-- PROBLEM STATEMENT --
Within the listing below, give again exactly the lines between the one containing "Waliza, Jack russell" and the one containing "También puede ser, simplemente, que", inclusive, pictures left aside.

PROVIDED ENTRIES below:

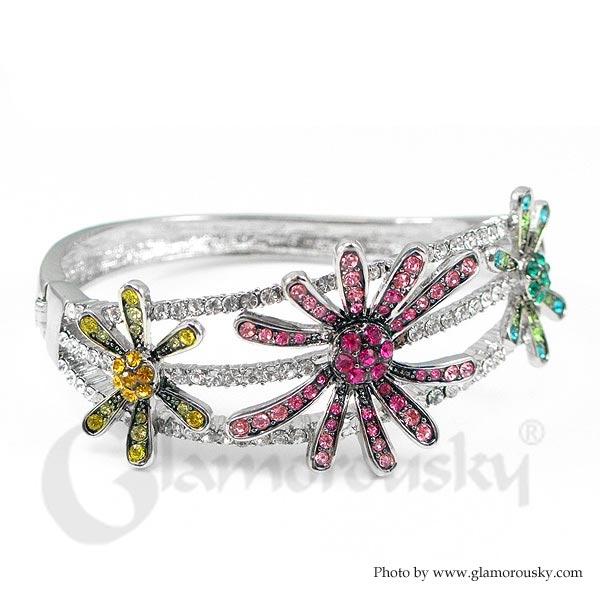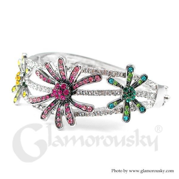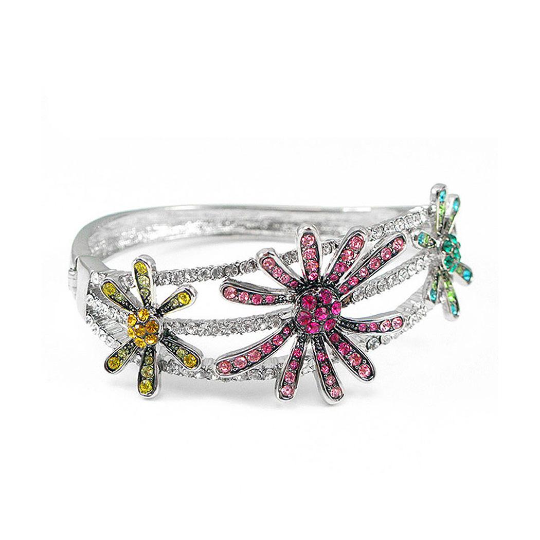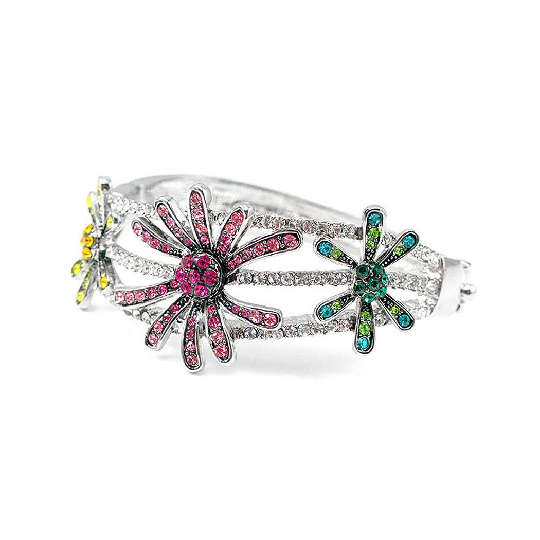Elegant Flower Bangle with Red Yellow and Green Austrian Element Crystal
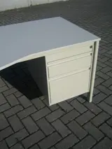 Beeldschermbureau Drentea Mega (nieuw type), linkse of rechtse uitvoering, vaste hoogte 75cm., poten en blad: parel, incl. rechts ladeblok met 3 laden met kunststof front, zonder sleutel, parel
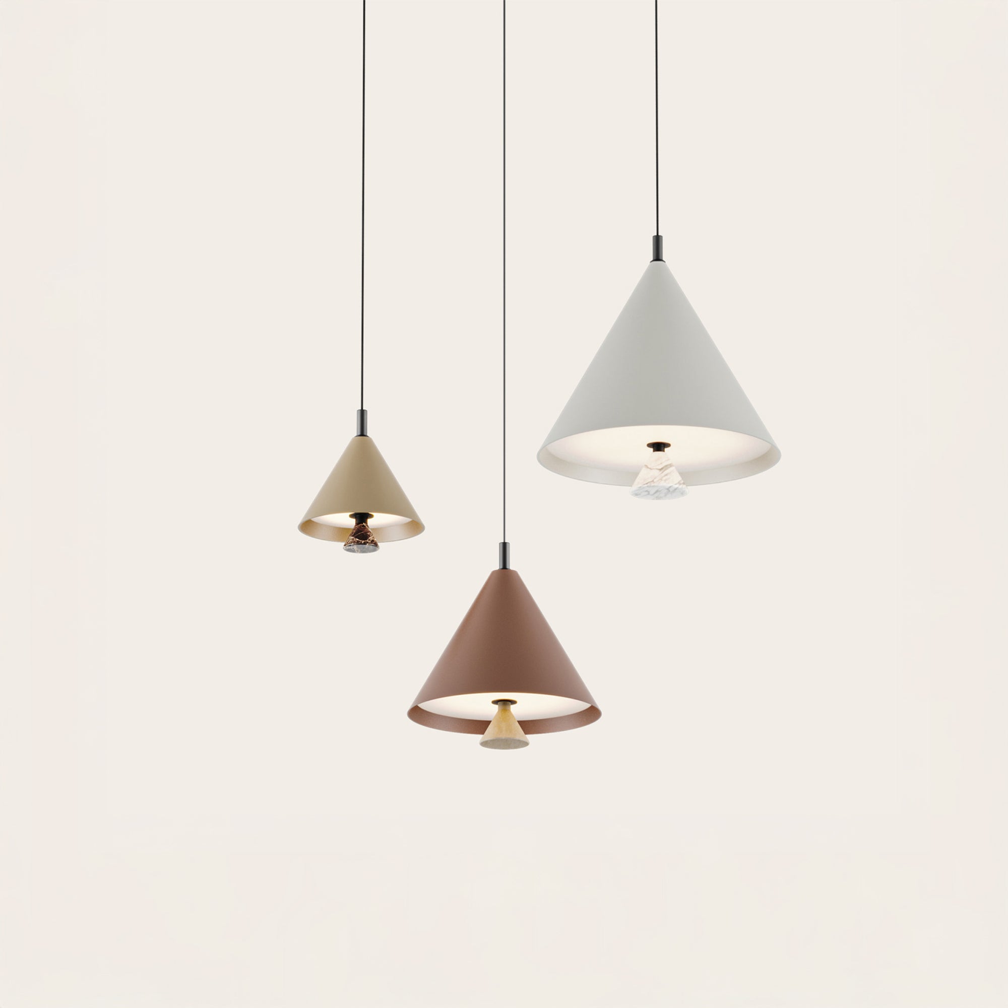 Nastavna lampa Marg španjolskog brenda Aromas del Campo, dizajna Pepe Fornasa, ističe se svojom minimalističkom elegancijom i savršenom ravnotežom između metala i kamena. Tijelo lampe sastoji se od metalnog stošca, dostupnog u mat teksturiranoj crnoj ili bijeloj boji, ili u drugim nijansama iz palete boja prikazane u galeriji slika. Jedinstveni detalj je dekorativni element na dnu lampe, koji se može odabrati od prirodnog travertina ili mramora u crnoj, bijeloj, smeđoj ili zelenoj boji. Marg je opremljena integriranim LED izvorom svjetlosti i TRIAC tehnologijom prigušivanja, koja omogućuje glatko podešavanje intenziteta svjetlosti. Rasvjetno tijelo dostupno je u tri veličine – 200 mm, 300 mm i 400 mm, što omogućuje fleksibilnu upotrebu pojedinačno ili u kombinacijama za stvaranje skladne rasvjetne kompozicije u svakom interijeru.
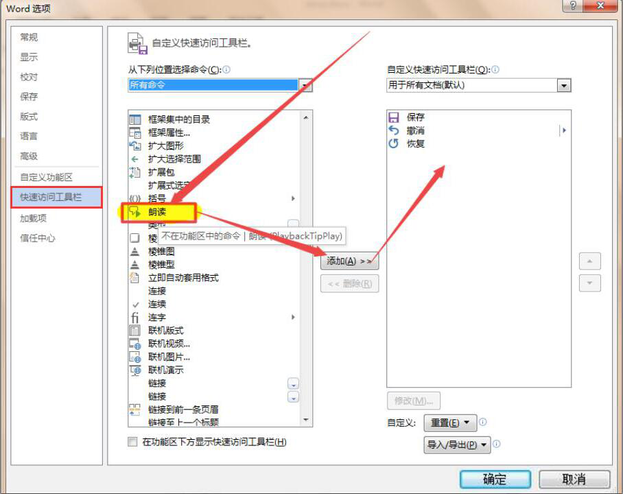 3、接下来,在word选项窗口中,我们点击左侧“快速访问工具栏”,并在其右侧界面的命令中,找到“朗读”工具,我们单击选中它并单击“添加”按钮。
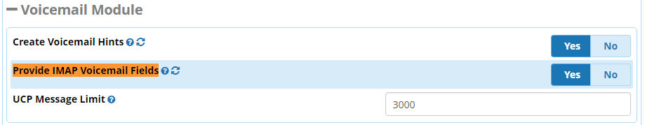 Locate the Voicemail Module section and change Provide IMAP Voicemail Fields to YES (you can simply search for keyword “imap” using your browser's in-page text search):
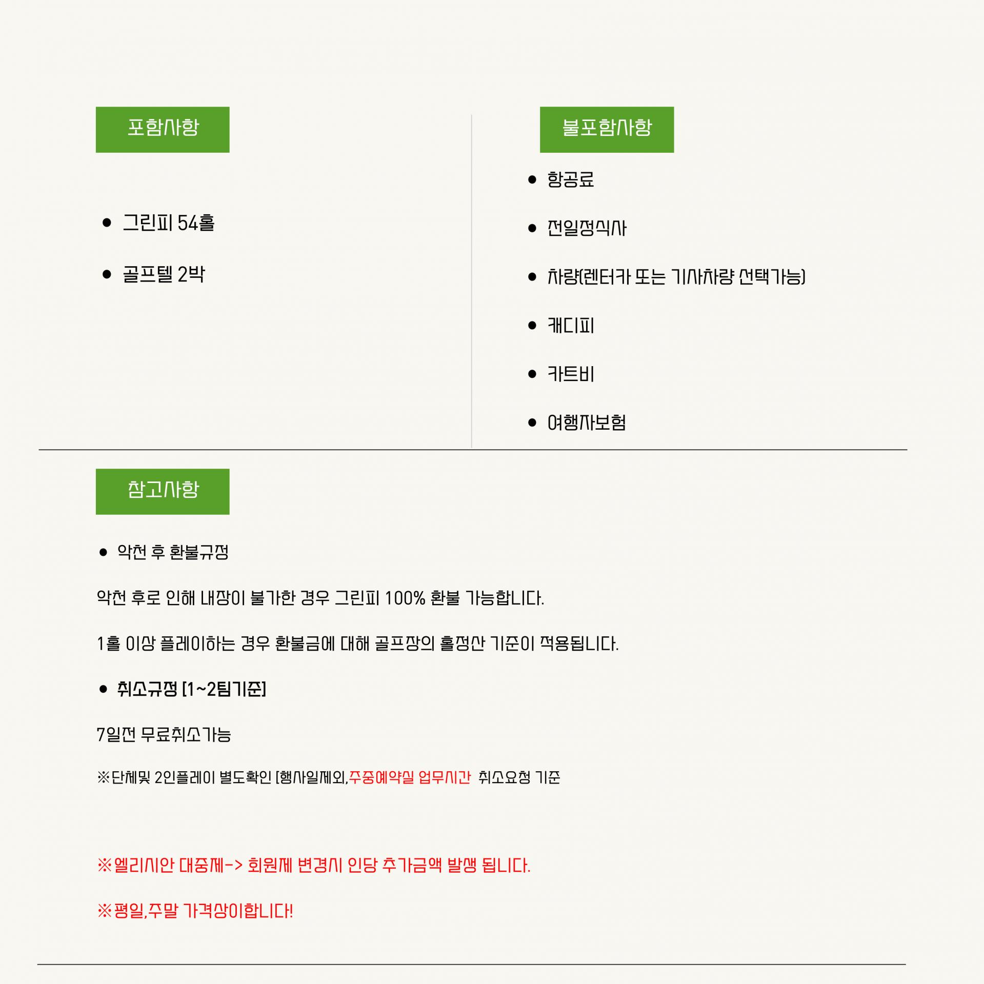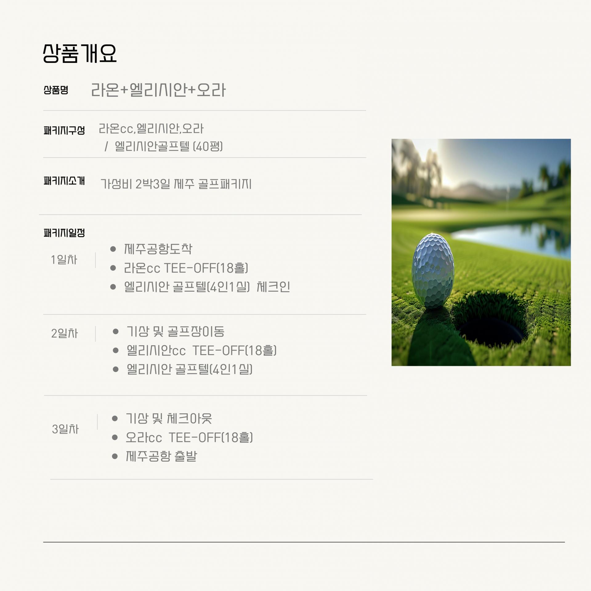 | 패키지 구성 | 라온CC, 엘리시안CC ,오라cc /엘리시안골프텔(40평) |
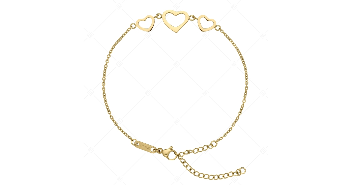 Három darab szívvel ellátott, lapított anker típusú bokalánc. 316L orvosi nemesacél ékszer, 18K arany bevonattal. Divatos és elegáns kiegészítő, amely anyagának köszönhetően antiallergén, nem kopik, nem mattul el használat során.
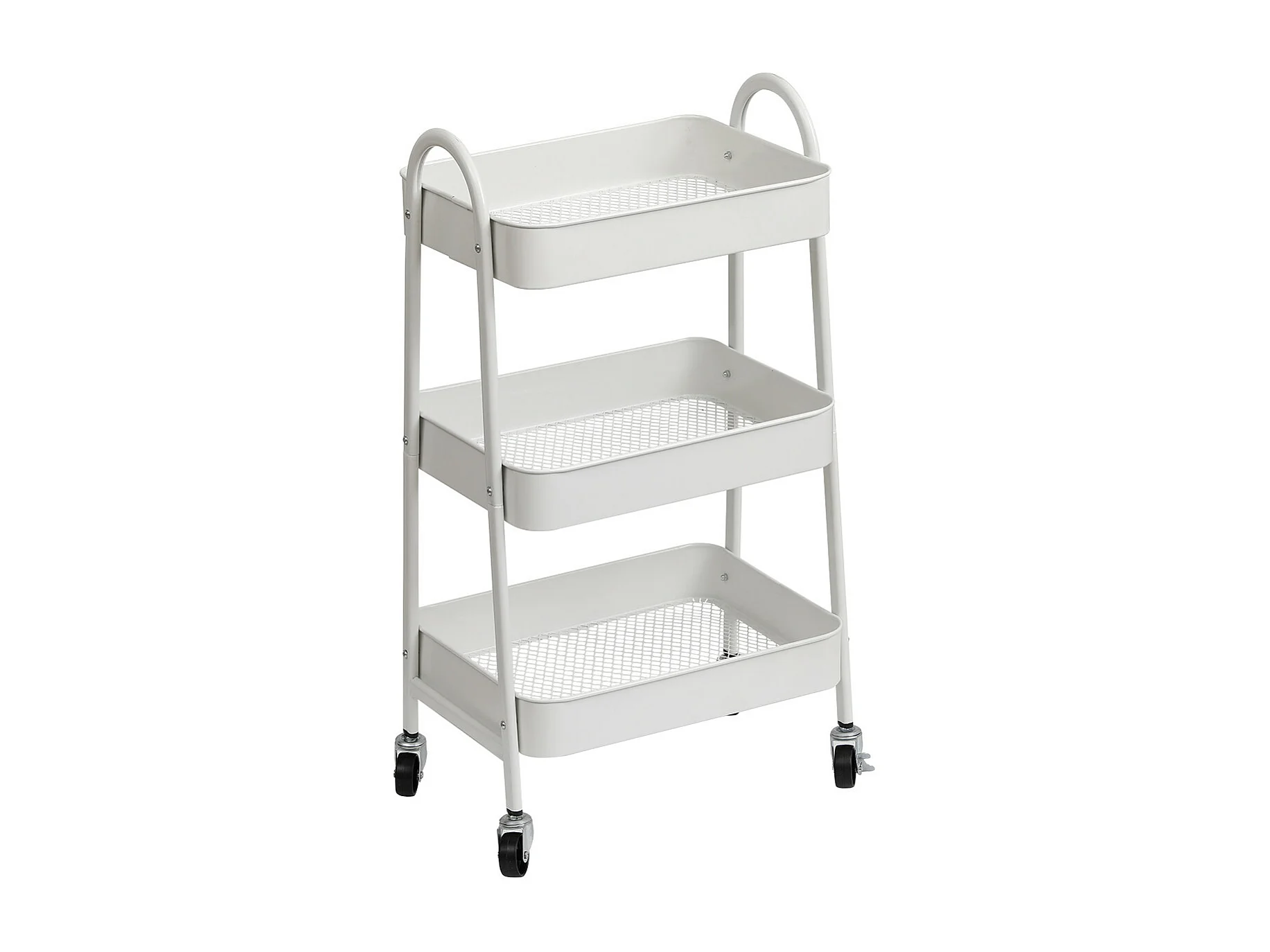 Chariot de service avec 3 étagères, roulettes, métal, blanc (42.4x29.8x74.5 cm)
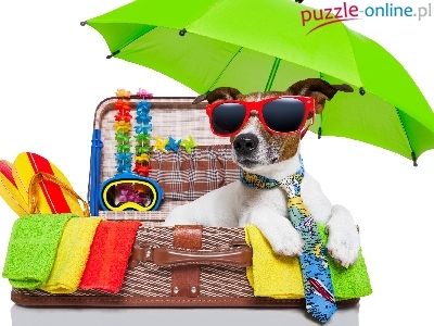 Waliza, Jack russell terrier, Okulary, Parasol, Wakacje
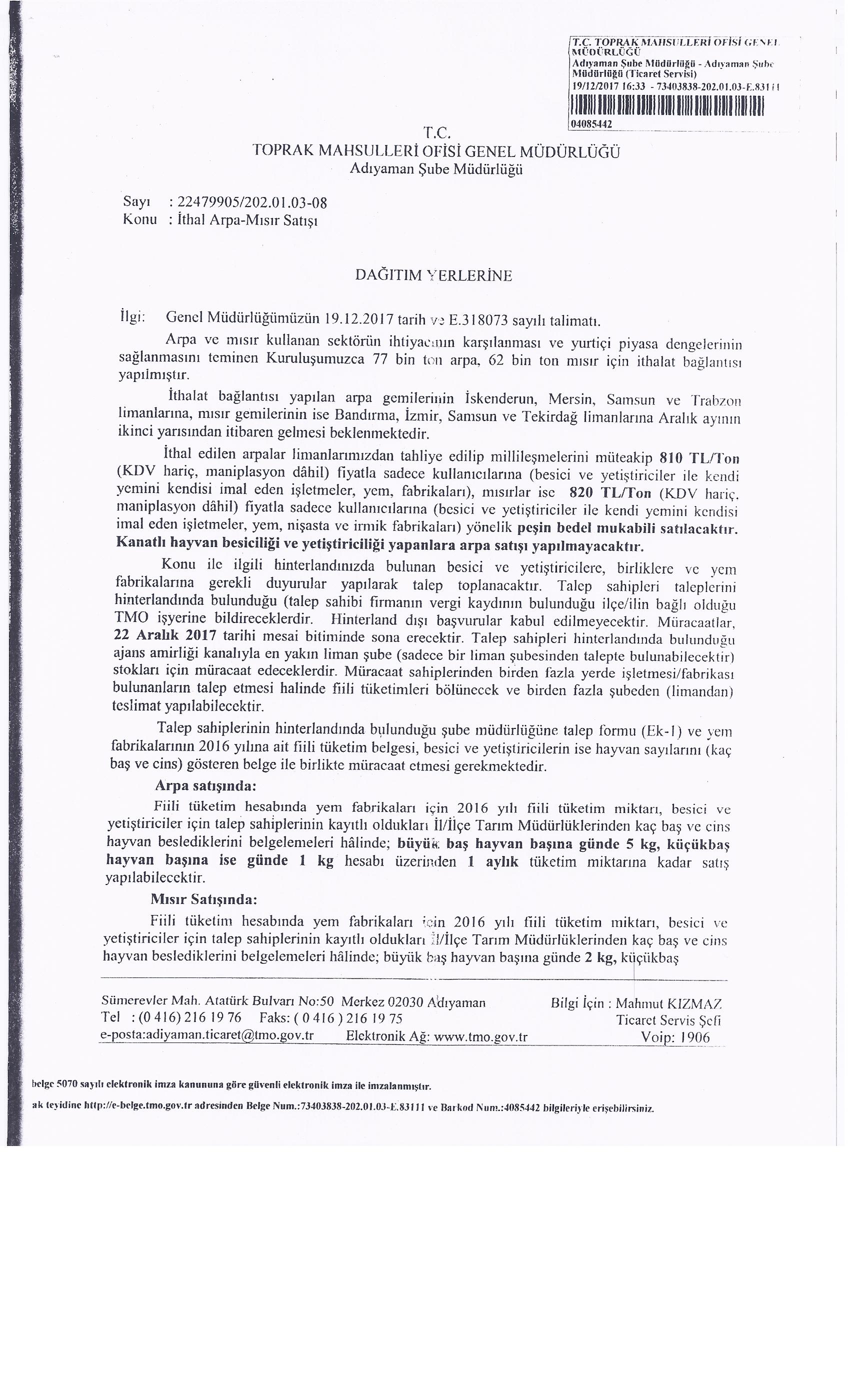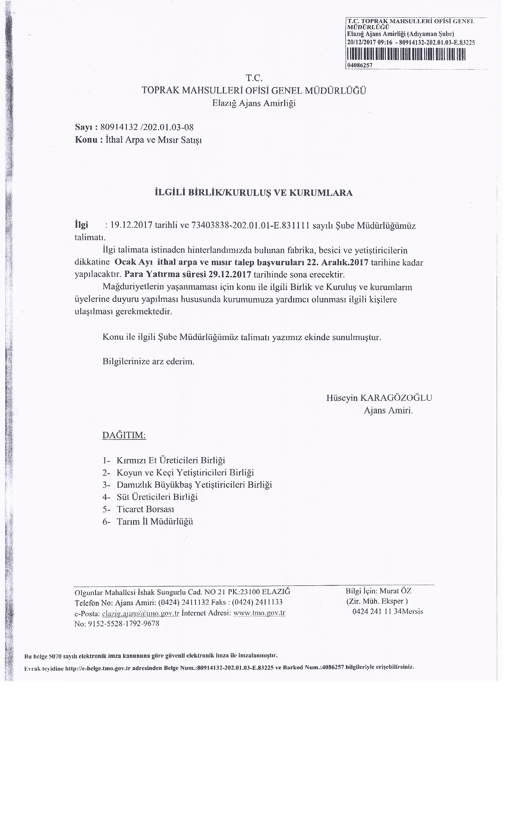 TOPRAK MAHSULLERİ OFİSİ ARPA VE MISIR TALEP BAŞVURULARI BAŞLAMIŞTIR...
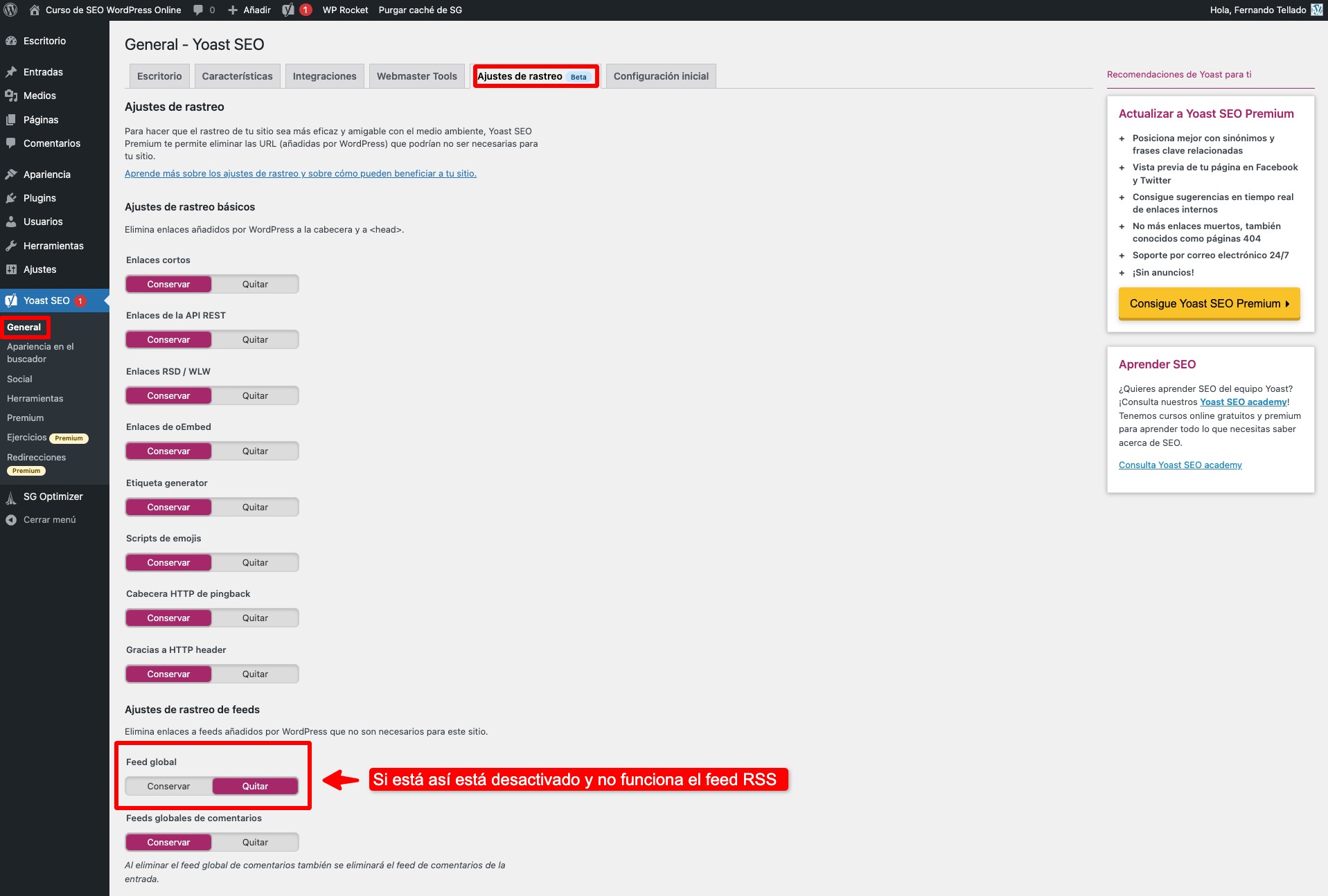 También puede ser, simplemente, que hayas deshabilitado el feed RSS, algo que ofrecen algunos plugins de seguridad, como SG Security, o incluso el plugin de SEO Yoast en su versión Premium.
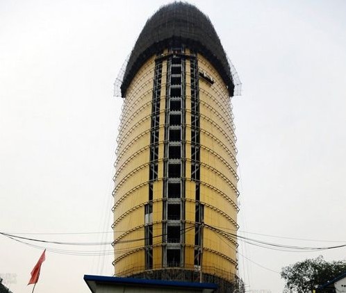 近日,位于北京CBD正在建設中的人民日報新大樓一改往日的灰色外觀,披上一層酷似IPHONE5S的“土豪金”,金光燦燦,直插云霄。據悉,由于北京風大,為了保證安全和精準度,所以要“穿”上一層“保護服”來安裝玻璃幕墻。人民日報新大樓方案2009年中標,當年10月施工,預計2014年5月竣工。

End of PROVIDED ENTRIES.

-- RESPONSE BOX --
 Waliza, Jack russell terrier, Okulary, Parasol, Wakacje
 TOPRAK MAHSULLERİ OFİSİ ARPA VE MISIR TALEP BAŞVURULARI BAŞLAMIŞTIR...
 También puede ser, simplemente, que hayas deshabilitado el feed RSS, algo que ofrecen algunos plugins de seguridad, como SG Security, o incluso el plugin de SEO Yoast en su versión Premium.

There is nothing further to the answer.